Okay, so I heard about this thing, dream ticker 2.2, a while back. Sounded interesting, like something that might be fun to mess with, maybe get some cool visuals or something. Figured I’d give it a shot over the weekend.

Getting Started
First thing, I had to find where to get it. Took a bit of searching, not gonna lie. Found a place, downloaded the package. Wasn’t too big, which was nice. Unpacking it was straightforward, just a regular zip file. Ran the installer, or what looked like an installer. It asked a few questions, like where to put the files. I just stuck with the default location, seemed easiest.
Installation finished pretty quick. No weird errors popped up, so that was a good sign. Found the icon it put on my desktop and double-clicked it.
First Run and Trying Things Out
It opened up. The interface looked… okay? Not super fancy, but not confusing either. Just a few buttons and a big empty space. I looked around for some kind of guide or ‘read me’ file, found a basic one.
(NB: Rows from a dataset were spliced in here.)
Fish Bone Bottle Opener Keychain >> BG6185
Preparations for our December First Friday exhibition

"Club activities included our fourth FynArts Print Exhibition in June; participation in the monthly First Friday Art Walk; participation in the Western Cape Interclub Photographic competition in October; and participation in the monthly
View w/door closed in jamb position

It said something about loading a ‘seed’ file or typing in some text prompts.
I decided to try the text prompt thing first. Typed in something simple, like ‘a cat riding a bicycle on the moon’. Just wanted to see what would happen. There was a ‘Generate’ button, or something similar. I clicked it.
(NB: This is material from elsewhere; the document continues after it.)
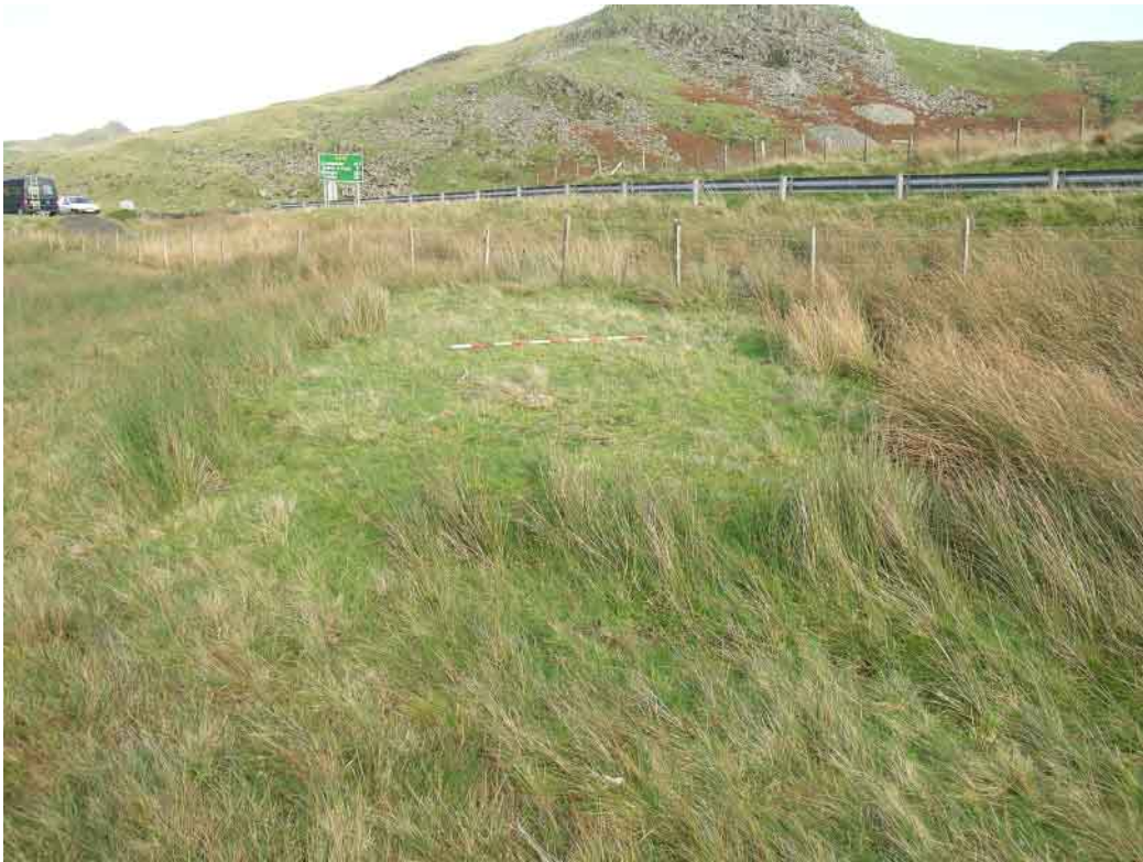
Plate 65 Site 19 Slate dump

- My computer fan started whirring pretty loud.
- A progress bar slowly started filling up. Took maybe five minutes?
- Then, bam. An image appeared in the empty space.
Honestly? It was kinda weird. Looked vaguely like a cat, vaguely like a bike, definitely spacey. Not exactly a masterpiece, but hey, it actually did something. It was kinda blurry and distorted in places.
More Testing and Fiddling
Okay, so the first try was… interesting. I spent the next hour or so just trying different prompts. Some worked better than others. ‘A calm lake at sunrise’ turned out pretty decent, actually. ‘A robot building a sandcastle’ was mostly a mess of random shapes.
I noticed there were some settings sliders. Things like ‘detail level’ and ‘style influence’. I started messing with those. Pushing ‘detail’ way up seemed to make it take longer and sometimes crash the program. Had to restart it a couple of times. Lowering it made things faster but more abstract.
Finding the right balance took a lot of trial and error. It wasn’t super intuitive. You just had to try stuff and see what happened. I didn’t really touch the ‘seed file’ thing, seemed more complicated and I just wanted to play around with text.

What I Ended Up With
After a few hours, I had a folder with maybe twenty different images. Some were junk, just digital noise. A few were actually quite cool, in a strange, dreamy kind of way. The ‘calm lake’ one was probably the best. I saved that one.
It definitely does something, this dream ticker 2.2. It’s not magic, and it takes patience. You gotta fiddle with it and learn its quirks. Don’t expect perfect results right away, or maybe ever. It’s more like a weird art experiment tool.
So yeah, that was my afternoon with it. Got it running, poked at it, made some weird pictures. Might try it again if I’m bored and feel like generating some strange visuals. It worked, mostly.